Archive for the 'Below Your Means' Category

If you LBYM you will probably not end up on this show: Repo Games

Since the economic downturn, repossession or “repos”, of cars has been on the rise (and here).   Now, the same folks that brought us Jersey Shore (ugh) are at it again… exposing the desperate masses that are behind on their car payments and making them put on a show to “win” the title to their car.

We do not want to judge the contestants on this show, we can only imagine hardships they have endured and we have no clue as to what their particular financial situations are.  However, we feel it safe in saying that the rate of automobile repossession amongst those that truly and consistently live below their means is probably a lot lower than the national average.  We leave it to you to decide.

If you want to read more about shootings that have occurred during the filming of Repo Games click here.  If you want to read more about the show itself, go here.

In other interesting news on the topic, apparently airplane repos have been on the decline as lenders take a “soft approach” to people behind on their payments.

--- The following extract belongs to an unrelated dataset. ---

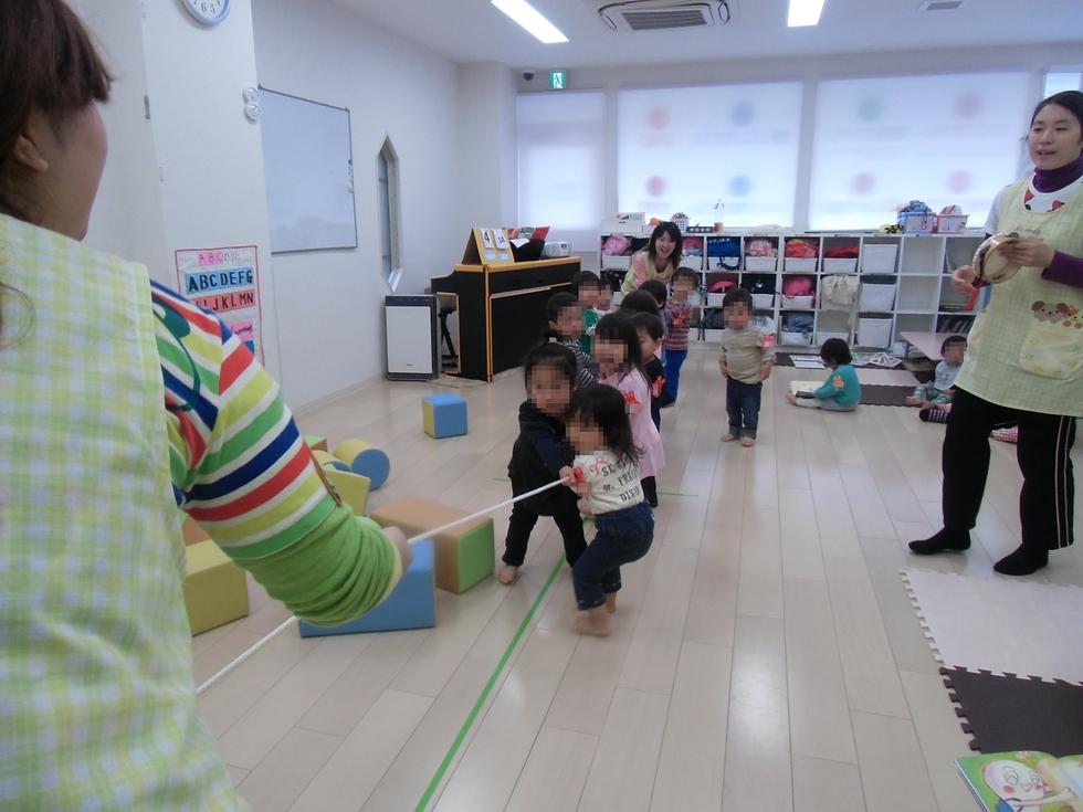 右下写真は「Si先生 VS 子天使ちゃん達」の綱引きです。「おーえす!おーえす!」どっちもがんばれぇ〜(^0^)。

Vacation Tips: Creating spending budgets for your kids

Summer time is fast approaching, and along with it the mainstay of American family life – the summer vacation.  Whether you’re traveling or having a ‘staycation’, it’s easy to blow your budget with little extras.  You’re on vacation and you deserve it, right?  Well, at BYM we think the best vacation is one where one month later you’re not cringing when your credit card bill comes, and we’ll be posting tips throughout the next few months on making the most out of your dollar when traveling. first tip involves money and kids.  One of the best parts about a family vacation is seeing those little faces light up at all the great things that are happening.  But that can easily add hundreds of dollars on your total vacation expense, especially if you’re in a tourist spot like a theme park or a popular beach.  Keep control of your spending by setting a total budget for each kid on the vacation.  Be realistic here – if last year you charged up $20-$40 per day per child on candy, snacks, games, toys and souvenirs, don’t think you’re going to stick to $20 for the whole trip.  Set something reasonable that you can afford.

Once you’ve set a realistic budget, involve your kids in the spending decision.  The way we handle it in our family is to say “You have $40 for the weekend.  You can spend it on whatever you want, but when it’s gone, it’s gone and there will not be any more.  Have fun!”  You’ll love the peacefulness that comes from not having to grant or deny 50 requests every day from the “can I have this?” crew.  And you’ll be amazed at how much fun the kids have with the very grown up experience of making decisions.  You’ll also be surprised at how quickly the kids learn to be judicious with their money – much more judicious than they were when they were spending YOUR money!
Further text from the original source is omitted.